PROBLEM STATEMENT: Give back the whole listing exactly as written, leaving out each picture.

PROVIDED DATA:
• • • •

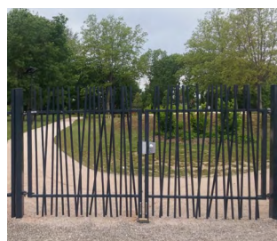
PORTAIL DOUBLE VANTAUX
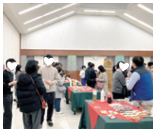
▲フリータイムで交流を深めています
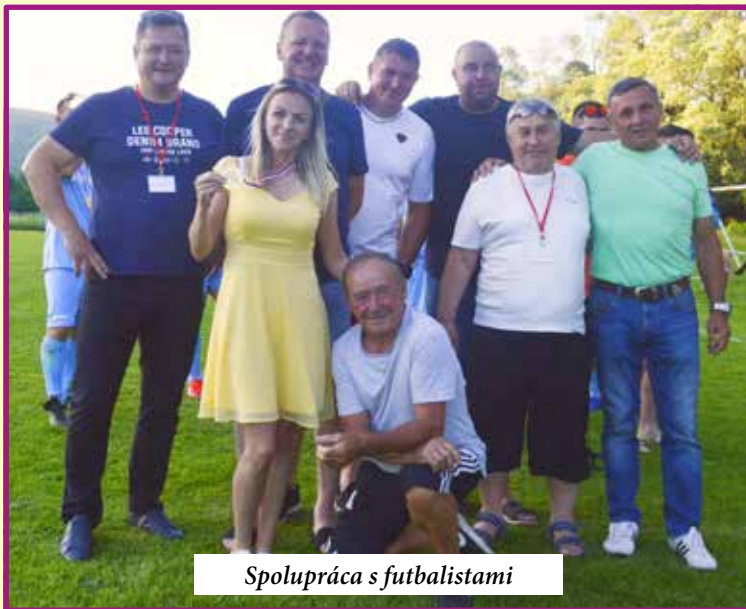
Spolupráca s futbalistami

• • • •

TASK SOLUTION:
PORTAIL DOUBLE VANTAUX
▲フリータイムで交流を深めています
Spolupráca s futbalistami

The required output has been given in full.